Assignment - Look through the records below for the line holding "晋冀鲁豫根据地包括太行、太岳". Write it out exactly, with each following line through the line holding "대체 투자에는 부동산, 원자재, 헤지펀드, 그리고".
::: Material provided :::
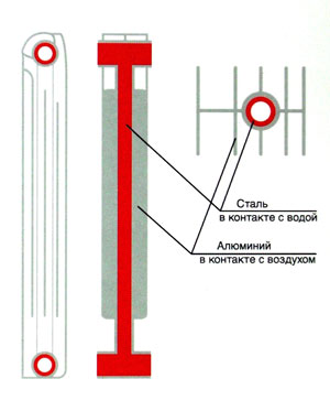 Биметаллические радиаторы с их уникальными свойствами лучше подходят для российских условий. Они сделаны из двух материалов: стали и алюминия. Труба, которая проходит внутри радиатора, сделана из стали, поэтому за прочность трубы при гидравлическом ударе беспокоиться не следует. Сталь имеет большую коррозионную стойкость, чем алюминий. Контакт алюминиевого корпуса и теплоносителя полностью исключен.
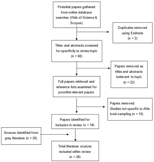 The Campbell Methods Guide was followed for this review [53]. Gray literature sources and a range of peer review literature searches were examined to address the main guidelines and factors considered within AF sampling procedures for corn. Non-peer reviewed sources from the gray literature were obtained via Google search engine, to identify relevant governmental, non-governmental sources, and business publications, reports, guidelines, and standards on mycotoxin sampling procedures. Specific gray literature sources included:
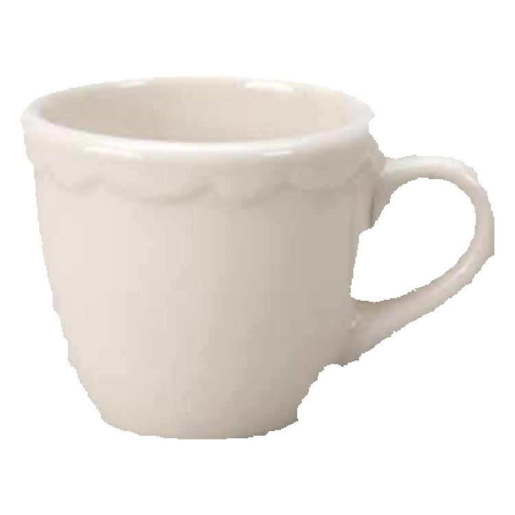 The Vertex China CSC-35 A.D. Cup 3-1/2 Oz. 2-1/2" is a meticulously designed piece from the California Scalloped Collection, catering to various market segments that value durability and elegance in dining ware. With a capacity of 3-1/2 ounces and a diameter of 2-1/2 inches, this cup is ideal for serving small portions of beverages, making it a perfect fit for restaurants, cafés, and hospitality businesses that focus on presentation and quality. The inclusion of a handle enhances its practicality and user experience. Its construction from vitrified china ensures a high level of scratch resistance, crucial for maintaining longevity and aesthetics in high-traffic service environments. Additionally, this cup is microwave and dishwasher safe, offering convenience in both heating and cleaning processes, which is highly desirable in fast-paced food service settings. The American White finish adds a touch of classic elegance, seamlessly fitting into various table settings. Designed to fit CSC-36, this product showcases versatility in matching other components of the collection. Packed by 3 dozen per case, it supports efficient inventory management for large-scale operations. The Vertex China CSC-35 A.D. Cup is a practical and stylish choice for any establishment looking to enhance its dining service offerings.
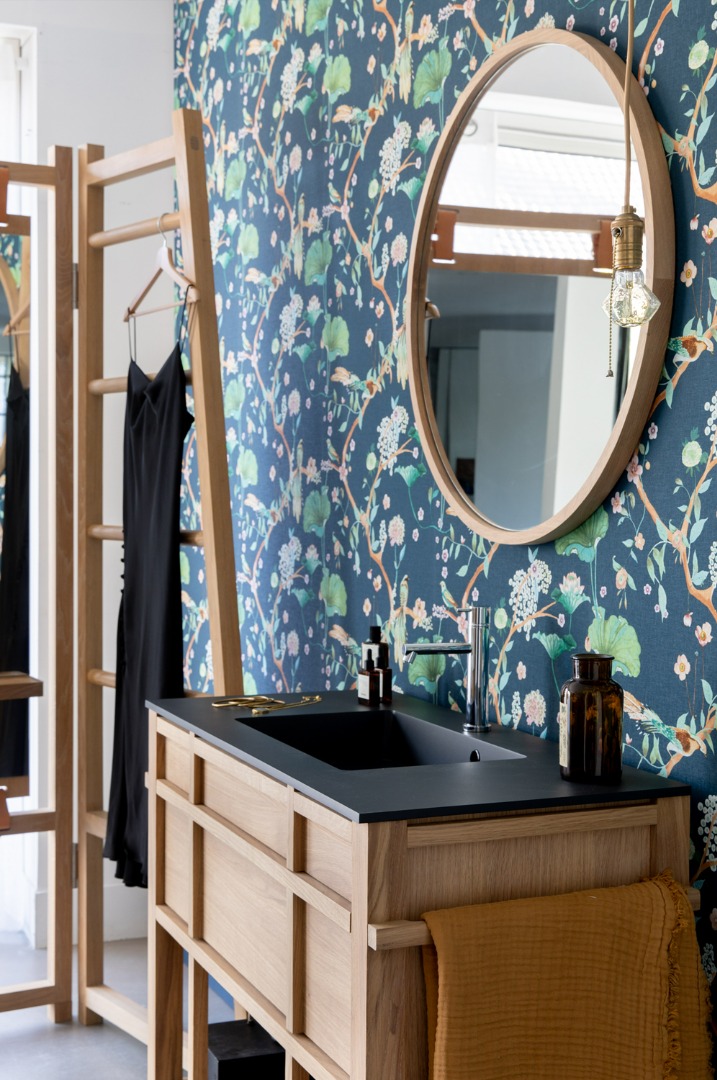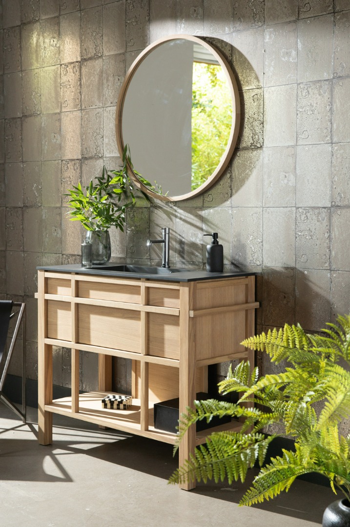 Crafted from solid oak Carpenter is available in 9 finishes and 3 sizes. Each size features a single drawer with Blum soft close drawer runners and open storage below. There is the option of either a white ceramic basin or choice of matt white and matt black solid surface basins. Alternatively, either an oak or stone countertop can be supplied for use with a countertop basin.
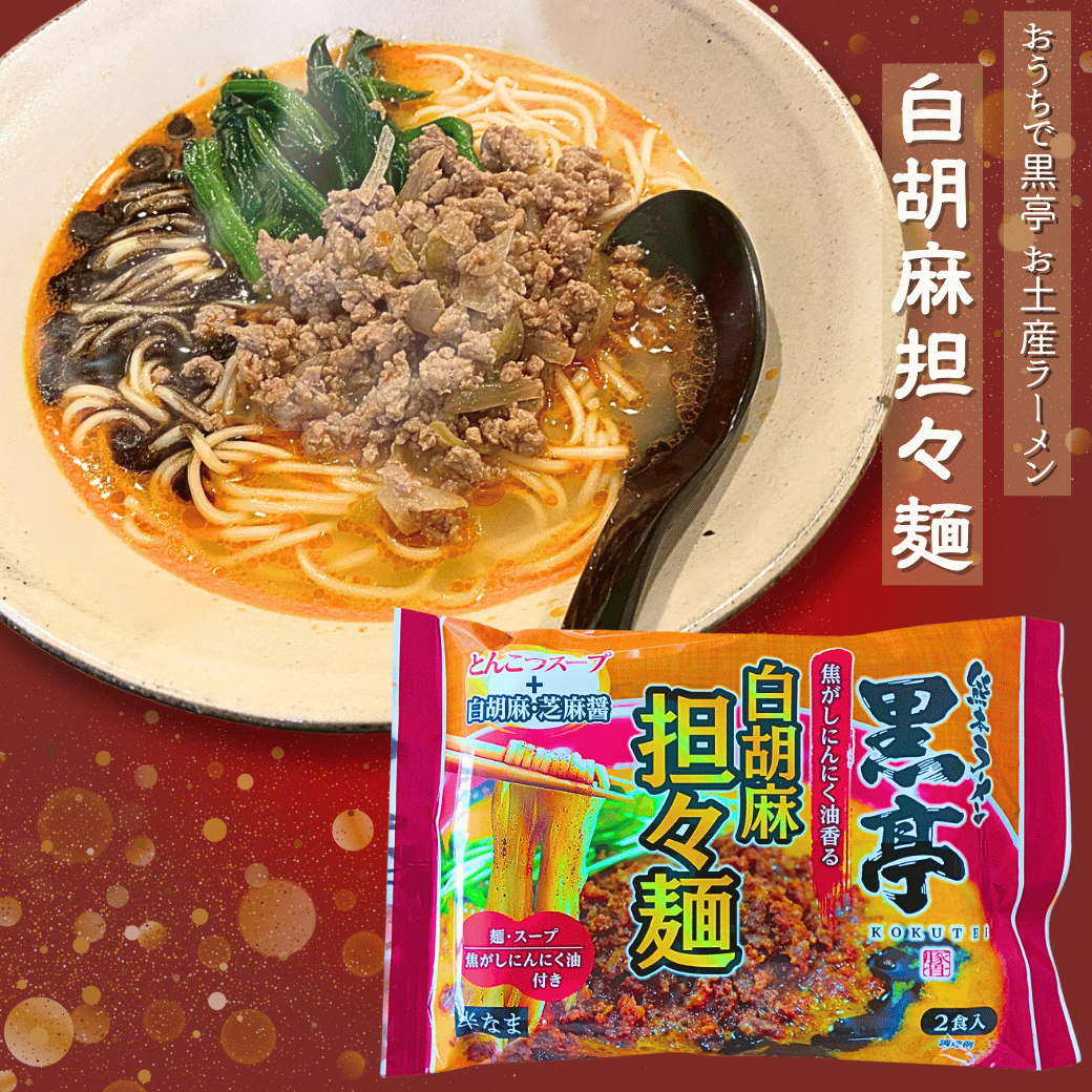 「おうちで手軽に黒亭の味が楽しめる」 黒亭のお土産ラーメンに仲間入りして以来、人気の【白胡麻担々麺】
:::
::: Material provided :::
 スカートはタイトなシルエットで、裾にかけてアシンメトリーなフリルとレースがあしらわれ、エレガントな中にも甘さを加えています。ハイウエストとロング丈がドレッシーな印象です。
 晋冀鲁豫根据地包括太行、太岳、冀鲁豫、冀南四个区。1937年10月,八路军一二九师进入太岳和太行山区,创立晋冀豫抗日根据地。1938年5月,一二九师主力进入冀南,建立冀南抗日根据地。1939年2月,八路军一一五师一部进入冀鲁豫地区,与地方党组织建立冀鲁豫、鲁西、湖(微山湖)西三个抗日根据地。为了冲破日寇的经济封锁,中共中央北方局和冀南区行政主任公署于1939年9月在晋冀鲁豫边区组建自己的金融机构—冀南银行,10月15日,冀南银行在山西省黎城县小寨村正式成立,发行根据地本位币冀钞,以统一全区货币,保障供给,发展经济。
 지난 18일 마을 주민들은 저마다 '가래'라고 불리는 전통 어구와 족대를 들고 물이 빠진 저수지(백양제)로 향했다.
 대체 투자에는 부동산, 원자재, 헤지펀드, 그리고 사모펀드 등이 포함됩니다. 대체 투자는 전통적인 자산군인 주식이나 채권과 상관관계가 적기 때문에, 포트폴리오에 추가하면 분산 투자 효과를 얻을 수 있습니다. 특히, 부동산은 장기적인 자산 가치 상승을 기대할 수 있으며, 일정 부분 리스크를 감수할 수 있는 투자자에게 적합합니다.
:::
Output for this exercise -
 晋冀鲁豫根据地包括太行、太岳、冀鲁豫、冀南四个区。1937年10月,八路军一二九师进入太岳和太行山区,创立晋冀豫抗日根据地。1938年5月,一二九师主力进入冀南,建立冀南抗日根据地。1939年2月,八路军一一五师一部进入冀鲁豫地区,与地方党组织建立冀鲁豫、鲁西、湖(微山湖)西三个抗日根据地。为了冲破日寇的经济封锁,中共中央北方局和冀南区行政主任公署于1939年9月在晋冀鲁豫边区组建自己的金融机构—冀南银行,10月15日,冀南银行在山西省黎城县小寨村正式成立,发行根据地本位币冀钞,以统一全区货币,保障供给,发展经济。
 지난 18일 마을 주민들은 저마다 '가래'라고 불리는 전통 어구와 족대를 들고 물이 빠진 저수지(백양제)로 향했다.
 대체 투자에는 부동산, 원자재, 헤지펀드, 그리고 사모펀드 등이 포함됩니다. 대체 투자는 전통적인 자산군인 주식이나 채권과 상관관계가 적기 때문에, 포트폴리오에 추가하면 분산 투자 효과를 얻을 수 있습니다. 특히, 부동산은 장기적인 자산 가치 상승을 기대할 수 있으며, 일정 부분 리스크를 감수할 수 있는 투자자에게 적합합니다.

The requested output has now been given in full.